So I made my own tagging system which is very coarse grained - no effort to tag individual tracks (I just accept what gracenote gives me). Each CD or CD set is in its own folder named for the record label and selection number. So for this release:



All of the audio files, as well as a pdf file containing a scan of the booklet, is in a folder named DGG423696-2. (Having the folder named this way means that if I find a CD on another site I can quickly check to see if I have it ripped by looking for the folder name.) The folder also contains a file called contents.txt, containing my own tags. The contents.txt file for this release looks like this.

Quotelabel : "Deutsche Grammophon"
catalog : "423696-2"
acquisition_year : "2000"
n_discs : "1"

composer_first : "Igor"
composer_last : "Stravinsky"
conductor : "Paul Sacher"
ensemble : "Philharmonia Orchestra"
ensemble_type : "Violin and Orchestra"
recording_year : "1988"
performers : "Anne-Sophie Mutter:Violin"
works : "Violin Concerto::Violin Concerto"
program : "reset"

composer_first : "Witold"
composer_last : "Lutoslawski"
conductor : "Witold Lutoslawski"
ensemble : "BBC Symphony Orchestra"
ensemble_type : "Violin and Orchestra"
recording_year : "1988"
performers : "Anne-Sophie Mutter:Violin"
works : "Partita::Suite"
works : "Chain 2::Suite"
program : "reset"

At the very top are the tags for the "release" (defined as a CD or CD set as released by the label). The annoying thing is a release can have recordings by different composers, different conductors, etc. So each release contains a list of "programs." This release has two programs, one with Mutter performing the Stravinsky violin concerto, the second with Mutter performing two works by Lutoslawski.

Now this content.txt file would be pretty useless, except that I have written a c program that scans the directory tree for contents.txt files and compiles a list of releases, each of which of which contains a list of programs, each of which contains a list of works (and the other data, conductor, performer, ensemble, etc). When my program is finished compiling the list it produces a series of HTML files in which the programs have been sorted by composer, conductor, performer, ensemble, genre. So I can see a list of all programs featuring Mahler, all programs featuring George Szell, all programs featuring the Chicago Symphony, all programs featuring viola concerti, all programs featuring cello and orchestra, etc.

The top of my list of recordings feature Anne-Sophie Mutter is attached. If I click any of the album cover images it opens a detail page for the individual release.

It works well for me, and sometimes I do computer programming as a sort of a hobby so I enjoyed the process.

Pohjolas Daughter

Quote from: absolutelybaching on January 11, 2022, 08:19:53 AM
You are definitely right in your first statement: it does require a lot of manual input.
But spread out over 20 years, it's not so bad!

I only supply 8 tags, too, and 6 of them are 'recording-wide' (that is ARTIST, COMPOSER, ALBUM, GENRE, COMMENT and YEAR or DATE apply to all tracks of a particular recording). Only 2 are track-specific (i,e., TRACKNO and TITLE). So, for a lot of CDs, you really only have to type in the track titles to any great extent. So it's manageable. But yeah, I wouldn't want to have to tackle several thousand CDs ab initio these days  :D
So what kind of things do you enter into your comment section?  And how picky do you get re the artist input?  You could go bananas (and I did so to speak some years ago) entering in the various singers and vocal parts for say Bach cantatas for instance.  ::)

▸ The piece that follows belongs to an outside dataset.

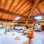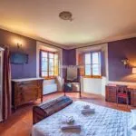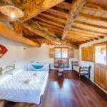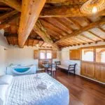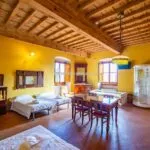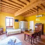 The villa was entirely renovated between 2012 and 2015. The building’s original finishes have been carefully preserved: while the rooms on the mezzanine and attic feature original terracotta floors, wooden beams and brick arches, the rooms on the piano nobile (once inhabited by the lords) are spacious and bright, with refined elements and soft colours that make the area warm and welcoming. The dovecote, in particular, has been converted into a delightful suite with large windows overlooking the surrounding countryside.

Quote from: Spotted Horses on January 11, 2022, 08:38:45 AM
To summarize my own method, I use iTunes (not Apple Music) for my pop music, but not for classical. When I started ripping I was using foobar2000 on a PC, and the tags it gets from the free databases often utterly useless. Now I use XLR on MacOS, which outputs FLAC files with cue sheets and has access to the real gracenote database, which not nearly as bad as the free databases, but still not acceptable for classical music. If I am ripping to Mahler Symphony No 5, for example, "Mahler" can show up in the track title, in the artist field, in the composer field. The artist field can be the composer, the conductor, etc. Mostly a hodgepodge of information is found in the track name.

So I made my own tagging system which is very coarse grained - no effort to tag individual tracks (I just accept what gracenote gives me). Each CD or CD set is in its own folder named for the record label and selection number. So for this release:



All of the audio files, as well as a pdf file containing a scan of the booklet, is in a folder named DGG423696-2. (Having the folder named this way means that if I find a CD on another site I can quickly check to see if I have it ripped by looking for the folder name.) The folder also contains a file called contents.txt, containing my own tags. The contents.txt file for this release looks like this.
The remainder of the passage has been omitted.